November 07 2006
It seems like every time I log in, regardless of how I space my log-ins, I always have exactly seventeen new entries to read.
September 27 2006
I am fourteen and David is twenty-three, in years.
In reality, David is four and I am well into my twenties.
Ever since I can remember, our parents have reminded me daily how different David is. I should never play too rough with him, but I should always include him. I should never mention that Santa Clause isn't real or that the Tooth Fairy bears a strong resemblence to our mother.
I want him to live in the real world, not this world of undisturbed whiteness we've created for him.
I'm a calm person; I don't get angry very easily.
But everytime they lie to David, to "spare" him, it's like my body is filled with this uncontrollable rage.
Like when the goldfish died and our mother told David that he had left to find work in Tibet as a tiger tamer. It was a goldfish, Mom. David didn't even like it. He said it was too slimey and didn't like his hugs. You can't protect him from everything. Why not use those opportunities to introduce him to sadness?
When our Aunt Helen was in the hospital, dying from lung cancer and alcohol poisoning, you didn't have to tell him that she was on a cruise, buying him presents. He was twenty-one. Old enough to buy his own alcohol poisoning, if he felt like it.
Does it make you feel better, Mom? Does it make you feel just a little less guilty? Like maybe if you protect him from all the harshness and hide him away in his little room, it won't matter that you and Dad liked smoke? Liked to drink? Liked to go on crazy "trips" that left you bedridden for days?

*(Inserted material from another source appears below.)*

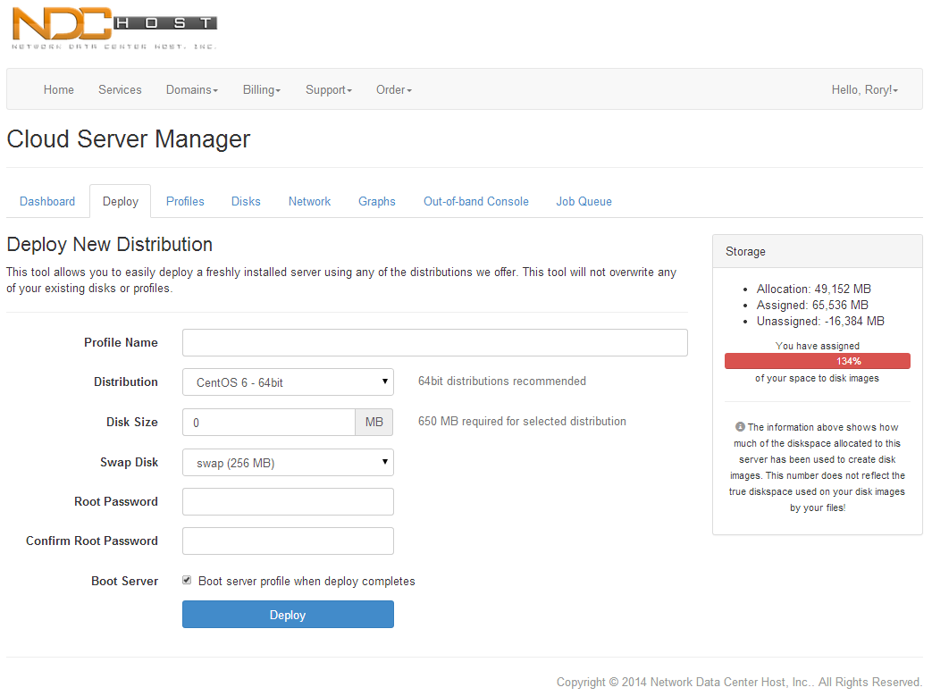 Under Deploy New Distribution, choose any name for the Profile, choose which distribution you would like it to have, fill in the disk size, fill in the swap size, and fill in the root password.

Do you think those things won't matter as long as David never knows?
I am the only one truly responsible for David. I'm the one who has his best interests at heart.
I told him about the goldfish, Mom.
He laughed. Said, "Good riddance. He was an ugly shade of orange." Does that sound overly sad to you, Mom?
And when I told him about Aunt Helen, yes, he cried. But he said he wanted her to feel better. Who do you think helped him make that "Get Well Soon" card, Mom? It wasn't you, was it? It was me.
I have a son, Mom. His name is David and he is nine years older than me.
His favourite color is red and his favourite food is popcorn.
His favourite book is If You Give a Mouse a Cookie.
He wants to go to college.
Did you know any of that, Mom?
Did you ever stop thinking of only yourself long enough to look at him and see who he is?
He wants to go to college. College.
If it weren't for me, he probably wouldn't know his ABCs.
Why were you trying to hold him back?
Why are you still trying to hold him back?
Maybe it's not the guilt. Maybe you're afraid of his failure and how it will reflect on you.
You keep David locked away, hoping no one will know about the ill-formed mind of your son, but he's brilliant.
Yes, he believes in Santa Clause and the Tooth Fairy, but he believes in other things. He believes in love, in faith, in the goodness of people; he believes in things you and I would laugh at.
He told me once that he understands "E= MCÂ²." I'll give you that I don't really believe he does, but he tries. He believes he does.
He looks at Einstein's essays for fun.
He's so much more than you ever wanted him to be. Can't you see that?
I'm begging you, Mom.
Let go of your guilt, let go of your remorse, let go of your jealousy.
Let go of David.
Let him be.
That's all he's ever wanted anyway.
What most of us want, really:
Simply to be.
August 03 2006
I know what they say. They say I'm crazy. I see the looks in their eyes and as I walk past them in the supermarket, I see them turn to one another and begin to whisper about me.
It's not that I'm paranoid.
It's simply the truth.
They say I'm hooked on a love long past. Just because I never wanted anyone but him and never dated after him doesn't mean I'm hooked on him. It just means there was no one worth my time. All those other women just went from man to man, searching for "Mr. Right." And where did it end them up?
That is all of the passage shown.